Bir yerde ezân okunuyorsa, orasının bir İslâm beldesi olduğunu anlıyoruz. Günümüzde ise, İslâm beldesi olmayan bazı ecnebî memleketlerde, eskiden açıktan okunmazken, şimdilerde açıktan okunmaya başlanması da oralarda mühim sayıda bir Müslüman nüfusun olduğunun işâreti.

Geçmiş iki büyük dinin, cemaatlerini ibadetlerine, mâbedlerine dâvet ve haber etmek için kullandıkları ilânat vasıtaları, insanın içini de tırmalayıcı; çan, boru v.s. şeklinde idi.

Müslümanlar, Mekke devrinde sayıları az ve ibadet de bir müddet gizli yapıldığından, o günlerde geniş mânâda bir ilânata çok fazla lüzum hissetmiyorlardı. Zaten, Mekke’de de, başka dine mensub insan bulunmuyordu. Aynı millet mensubu;  akraba, ana-baba, kardeş olmalarına rağmen inananlar “Müslüman”, inanmayanlar da, “kâfir, müşrik” olarak  isimlendiriliyordu .

Medine’ye hicretten sonra, başka din mensublarıyla da bir arada yaşanmaya başlandı. Zamanla Müslüman nüfusun çoğalmasıyla, artık Müslümanları ibâdete dâvet edecek bir ilânat, işaret ihtiyacı hissedildi. Yahudi ve Hıristiyanlar’ın kullandıkları âletlerin kullanılmasını teklif edenler olduysa da, bu, Peygamberimiz (asm) tarafından çok hoş karşılanmadı ve insana, insanca hitab edici bir tarzın olmasını arzu ediyordu.

Bir sabah, sahabeden Abdullah bin Zeyd, rüyasında ezân kelimelerinin, kendisine öğretildiğini, Peygamberimize (asm), heyecanla anlattı. Bu, Peygamberimizin (asm) çok hoşuna gitti ve bunu hemen, sesi güzel olan Bilâl-i Habeşî’ye öğretmesini söyledi. Daha sonra Hz. Ömer de, aynı sözleri rüyasında öğrettiklerini beyan etti. Ve böylece, kuvvetli bir işâretle, ezân kabul edilmiş oldu.
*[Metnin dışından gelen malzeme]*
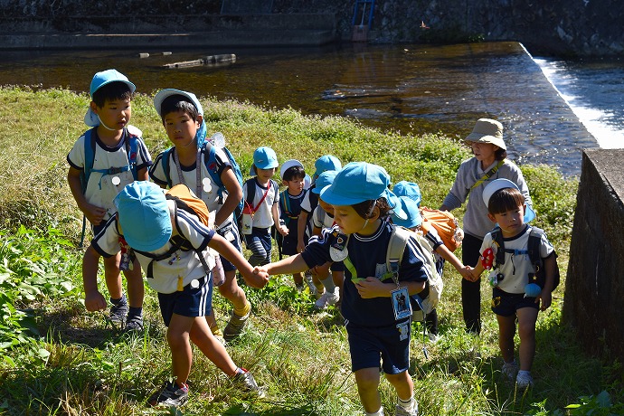 みんなで来た道を戻ります。気分も上々、年長クラスは歌をうたいながら♪

Asırlar boyu, bütün İslâm beldelerinde ezân okunagelmiş, bir tek Türkiye topraklarında, maalesef Süfyanî bir fitne ile yirmi beş sene kadar aslından, orijinal hâlinden çıkartılarak okutulmaya çalışılmıştır. Maksad; “Din öldürülecektir, dinsiz nesil yetiştirilecektir!” plânının tatbiki açısından, din ve dini hatırlatan her şey; ezân, Kur’ân, lisân bozulacak, “Türkçe, Türkçe uyum kuralı” saçmalığı ile herşey  uydurulacaktır.
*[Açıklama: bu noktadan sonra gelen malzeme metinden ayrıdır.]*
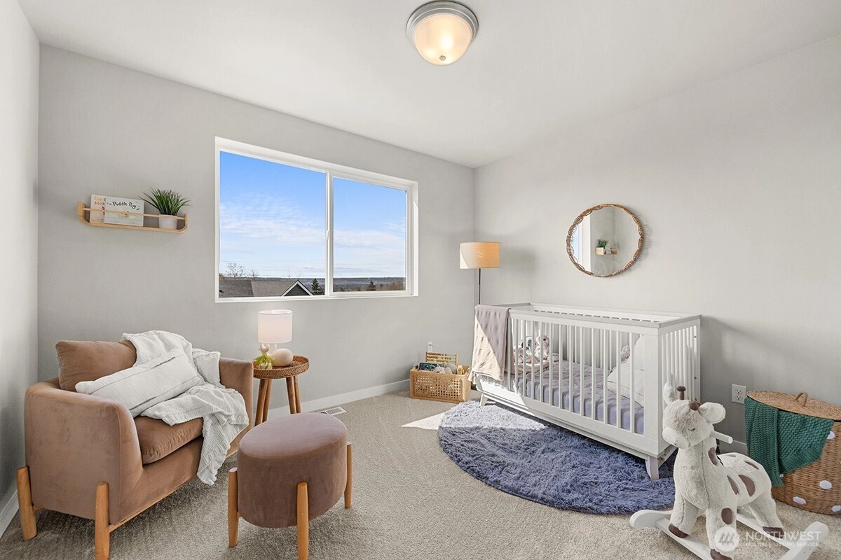 Noble Ridge is an exquisite boutique community of just fourteen homes, perfectly positioned high above the bluff to capture breathtaking panoramic views of the Puget Sound and the Olympic Mountains. Tucked away on a quiet dead end cul-de-sac with direct trail access, this desirable setting offers privacy, tranquility, and a strong connection to nature while remaining close to everyday conveniences. The Dakota on lot 7 is a thoughtfully designed home offering approximately 3,298 square feet of expansive living space. With six generously sized bedrooms, three and three quarter bathrooms, a dedicated office, and a flexible bonus room, this home easily accommodates multigenerational living, remote work, and entertaining. The open concept kitchen, dining, and great room create a seamless flow, highlighted by stunning engineered hardwood flooring, sleek quartz countertops, ample cabinetry, and a warm gas fireplace that anchors the space for cozy gatherings. The luxurious primary suite serves as a private retreat, featuring elegant finishes, a relaxing lounge tub, and a spa inspired atmosphere. New home, new year, and new possibilities await with the benefits of brand new construction, including modern design elements, energy efficient features, lower maintenance living, updated safety standards, and the peace of mind that comes with a new home warranty, making this an exceptional opportunity to enjoy refined living in a truly special location.

Gûya, ezânı Türkçeleştirdiler. Her kelimesi bozuldu da, niye bir tek “ felâh” kelimesi yerinde bırakıldı?” Hayye ale’s-salâh!” nidâsı, “haydin namaza!” olurken, niye “Hayye ale’l-felâh!” nidâsını Arapça bırakılıp, “haydin felâha!” denildi de, “haydin kurtuluşa!” denmedi?

Çünkü, cinlik vardı da ondan. Müezzin ezân okurken, “Hayye ale’s- salâh” derken sağa, “hayye ale’l felâh” derken de sola döner. Bir bakıma, sağ taraftaki ehl-i salâta, namazın vaktinin girdiğini hatırlatıp, onları câmiye dâvet ederken, bir bakıma da sol taraftakileri, kurtuluşa, İslâm’a dâvet ediyor da ondan bu kelimeyi Türkçeleştirmemişlerdi. Şeytanın aklına gelmez bir şey bu.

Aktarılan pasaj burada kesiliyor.